The ALJ also discounted plaintiff's credibility based on plaintiff's reported ability to drive approximately 95 miles for an appointment with "no apparent difficulties." (AT 675.) The undersigned rejects this reason offered by the ALJ because it is directly contradicted by the record. The Commissioner does not disagree. Plaintiff testified that he had problems during and after the road trip in question. Plaintiff testified that as a result of the trip, he "was down for two days" and that his niece had to drive the return leg of the trip. (See AT 1054.) Accordingly, the ALJ's credibility finding is not supported by ALJ's comments based on plaintiff's ability to drive long distances.

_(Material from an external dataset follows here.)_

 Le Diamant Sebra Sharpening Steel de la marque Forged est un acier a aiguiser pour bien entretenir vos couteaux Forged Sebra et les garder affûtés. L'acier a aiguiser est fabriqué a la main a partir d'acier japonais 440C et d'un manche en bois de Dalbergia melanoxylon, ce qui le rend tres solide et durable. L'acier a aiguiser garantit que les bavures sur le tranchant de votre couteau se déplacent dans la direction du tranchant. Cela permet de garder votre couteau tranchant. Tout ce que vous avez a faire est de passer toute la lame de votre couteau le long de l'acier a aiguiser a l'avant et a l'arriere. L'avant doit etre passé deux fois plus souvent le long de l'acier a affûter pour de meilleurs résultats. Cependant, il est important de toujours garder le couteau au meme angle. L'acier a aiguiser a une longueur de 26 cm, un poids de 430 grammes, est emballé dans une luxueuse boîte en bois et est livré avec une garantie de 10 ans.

The ALJ also seized upon the fact that plaintiff purportedly testified that he had obtained some student loans to pursue online education but had not attended any classes using those loans. (See AT 1036.) Additionally, when asked if he has attempted to have this loan discharged, plaintiff testified that he had applied to have this loan "postponed." (AT 1035-36.) The ALJ concluded that "[a]pparently, the student loan was used to augment living expenses and not for the purpose for which [plaintiff] had received it." (AT 675.) The parties appear to agree that the record does not support the ALJ's characterization of plaintiff's allegedly nefarious motive behind obtaining the student loan. Plaintiff did not testify that he had not done the class work for which the loan was obtained. Accordingly, this reason offered by the ALJ is not supported by the record.

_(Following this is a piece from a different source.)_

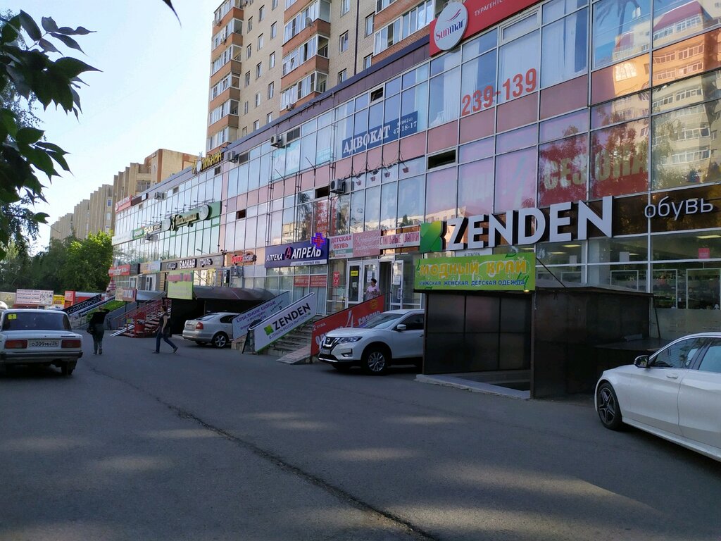 Торговый центр недалеко от дома, есть сетка магазинов Зенден, 4 сезона это одежда, обувь, всё для дома, зубная клиника, по-моему для деток, Пятёрочка, Аптека и многие другие

Although some of the ALJ's reasons for discounting plaintiff's subjective testimony are not persuasive, the undersigned finds that the remaining reasons provide clear and convincing reasons supporting the adverse credibility finding. Additionally, to the extent that any of the ALJ's reasons were not supported by the record, the undersigned finds that the remaining reasons offered by the ALJ are supported by the record and that any error was harmless. See Carmickle v. Astrue, 533 F.3d 1155, 1162 (9th Cir. 2008). Accordingly, the undersigned concludes that the ALJ did not err by rejecting plaintiff's testimony.
C. The ALJ's Questioning of the VE
Finally, plaintiff challenges the ALJ's questioning of the VE on the grounds that the ALJ erred by not adopting in the RFC the functional limitations found by Drs. Hess and Corkill, and as testified to by plaintiff, and that the erroneous RFC provided the basis for the ALJ's hypothetical questions of the VE. As the argument goes, the ALJ thus provided incomplete or unsupported hypothetical questions to the VE and ultimately relied on inaccurate answers provided by the VE. Because the undersigned concludes above that the ALJ properly discounted the functional assessments of Drs. Hess and Corkill and permissibly discounted plaintiff's subjective testimony, the ALJ did not err in questioning the VE or relying on the VE's answers.
IV. CONCLUSION
Based on the foregoing, IT IS HEREBY ORDERED that:
1. Plaintiff's motion for summary judgment (Dkt. No. 18) is denied;
2. The Commissioner's cross-motion for summary judgment (Dkt. No. 21) is granted; and
3. The Clerk of Court is directed to enter judgment in the Commissioner's favor.